▸ **Exercise description**
Exactly the lines from the beginning of the records to the line with "anti aging benefits", both ends included, are to be given again, and pictures are to be left out.

(Stored data)

══════

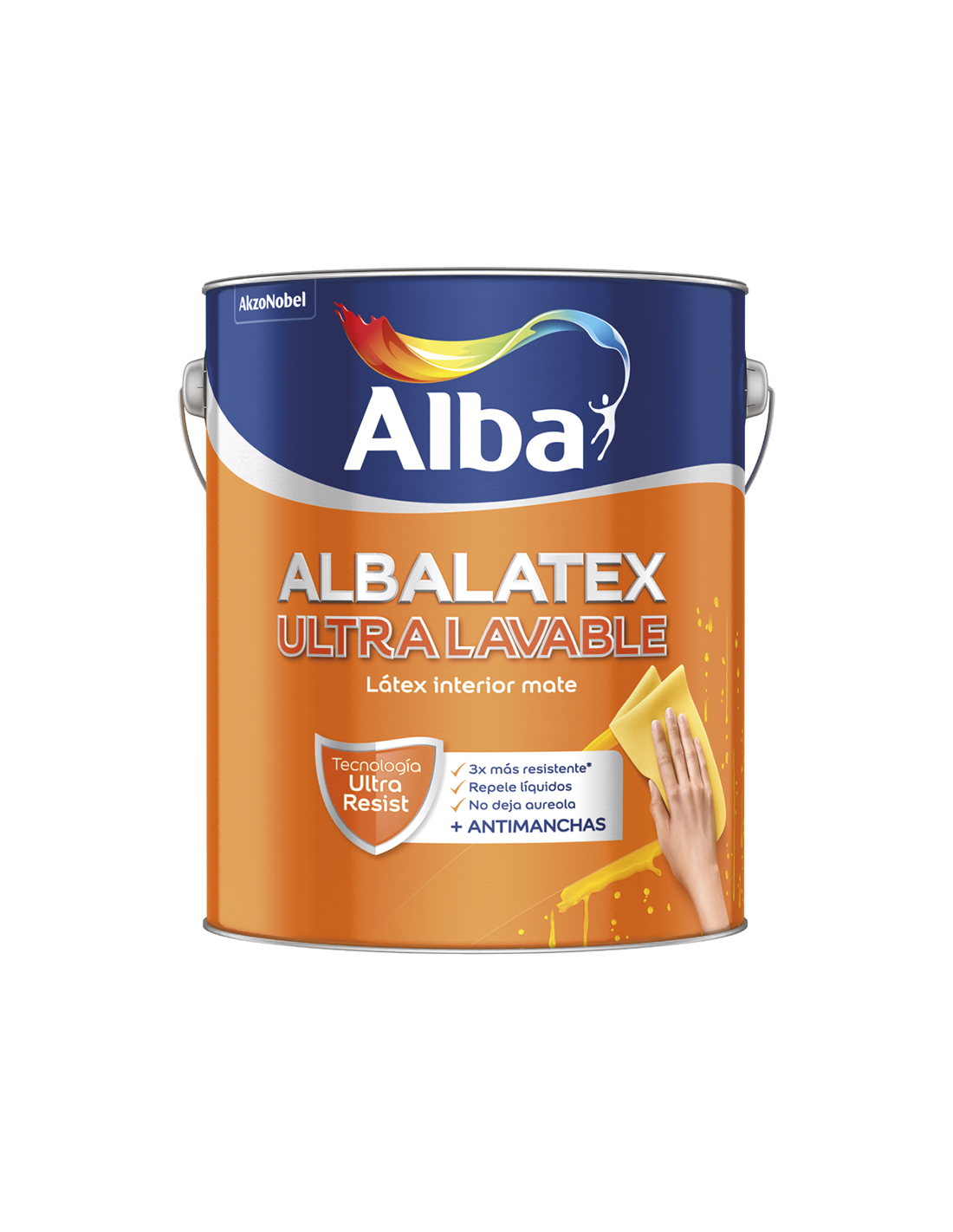 Látex para Interiores mate de alto desempeño y durabilidad. Gracias a su innovadora TECNOLOGÍA ULTRA RESIST, es 3 veces más resistente al lavado (*), antimanchas, repele líquidos y no deja aureola. Fácil de limpiar
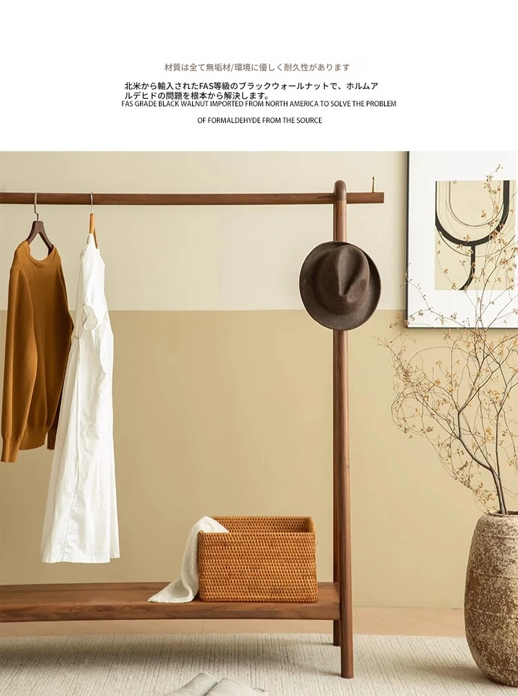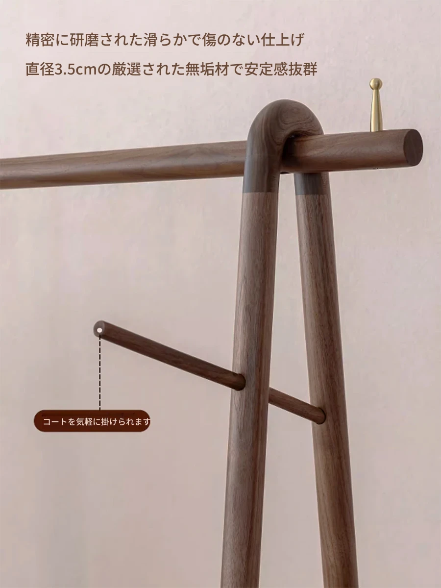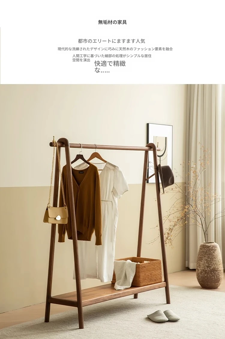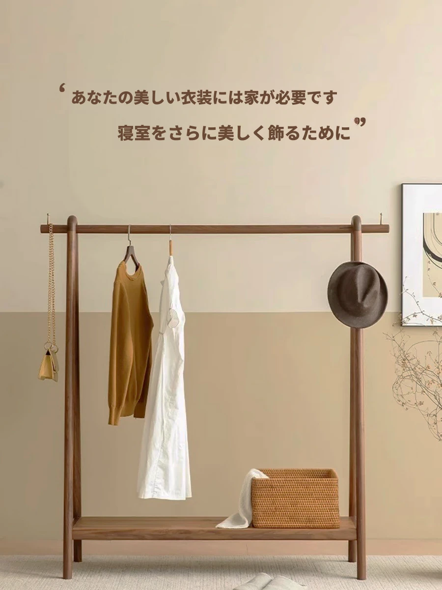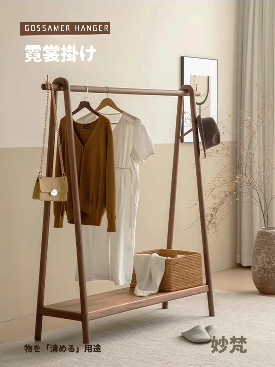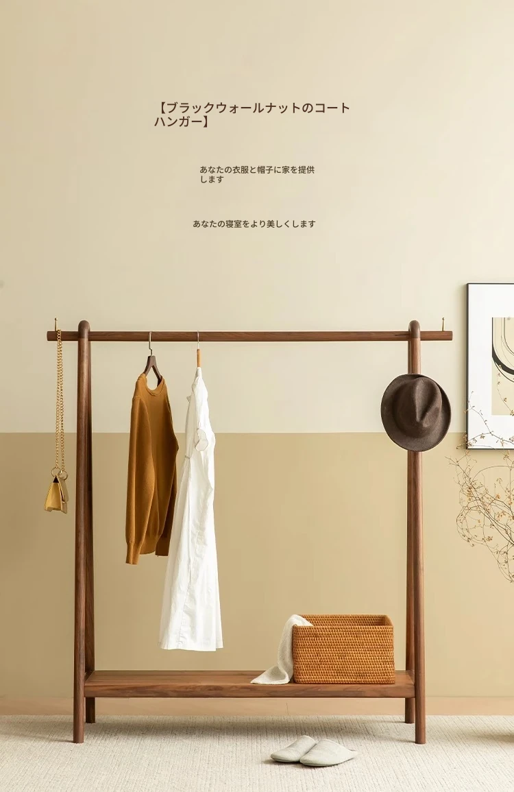 妙梵「霓裳架」北米産ブラックウォールナット無垢材のスタイリッシュな室内ハンガーラック。高級感あふれるデザインで、寝室やリビングに最適!あなたのスペースを美しく彩ります。
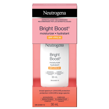 • Neutrogena Bright Boost Moisturizer SPF 30, with Broad Spectrum UVA/UVB protection, is ideal for moisturizing to help brighten and also has anti aging benefits
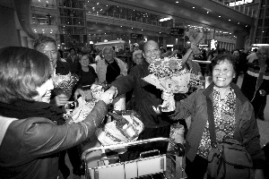 昨晚,首批被困北京游客抵京。20時剛過,游客紛紛走下飛機,多為白發(fā)老人。在接機口,神舟國旅工作人員將鮮花送到老人手上,老人們表示感謝,“我們命大,感謝大家關(guān)心!
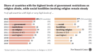 In the coming decades, Jews are not expected to increase as a share of the population in any region of the world. In the Middle East-North Africa region, for example, about 1.6% of the population identified as Jewish in 2010; 1.4% of the region’s 2050 population is expected to be Jewish. Although the Jewish share of the Middle East and North Africa is projected to decline, the absolute number of Jews in the region is expected to rise from 5.6 million in 2010 to about 8.2 million in 2050.
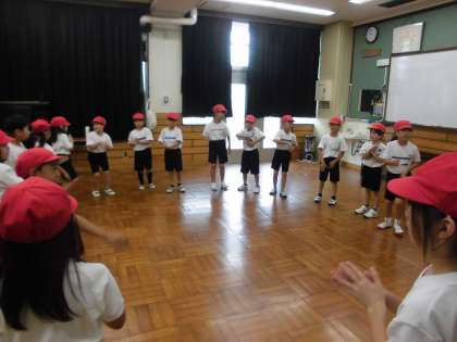 体育の時間に、フォークダンスをしました。ロシアの「タタロチカ」を覚えて踊りました。「ヤクシー!」と大きな声で言いながら、笑顔でダンスをしていました。
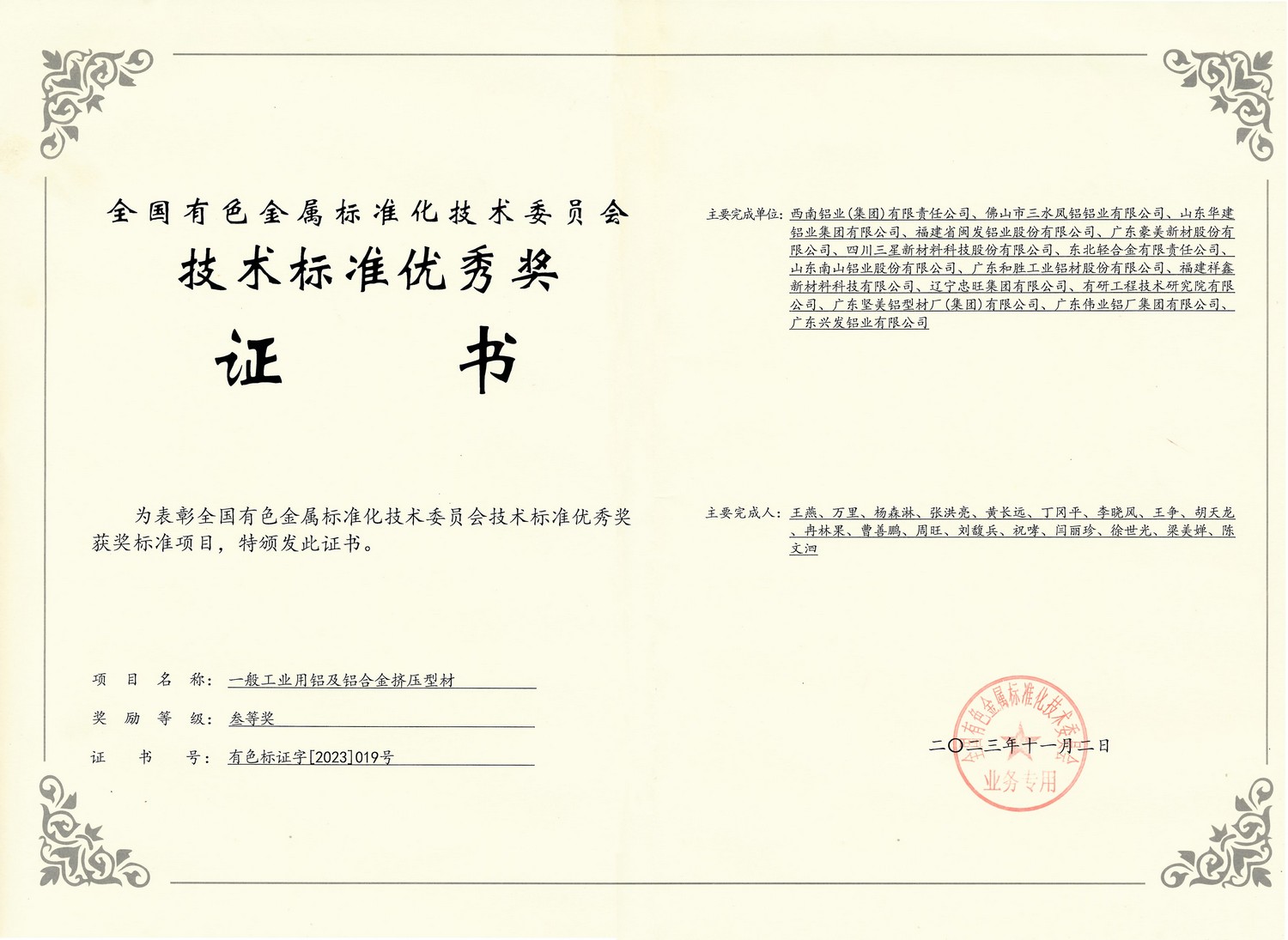 • 2023年11月2日 技術標準三等獎-GB一般工業用鋁及鋁合金擠壓型材(全國有色金屬標準化技術委員會)

══════

▸ **Written solution**
 Látex para Interiores mate de alto desempeño y durabilidad. Gracias a su innovadora TECNOLOGÍA ULTRA RESIST, es 3 veces más resistente al lavado (*), antimanchas, repele líquidos y no deja aureola. Fácil de limpiar
 妙梵「霓裳架」北米産ブラックウォールナット無垢材のスタイリッシュな室内ハンガーラック。高級感あふれるデザインで、寝室やリビングに最適!あなたのスペースを美しく彩ります。
 • Neutrogena Bright Boost Moisturizer SPF 30, with Broad Spectrum UVA/UVB protection, is ideal for moisturizing to help brighten and also has anti aging benefits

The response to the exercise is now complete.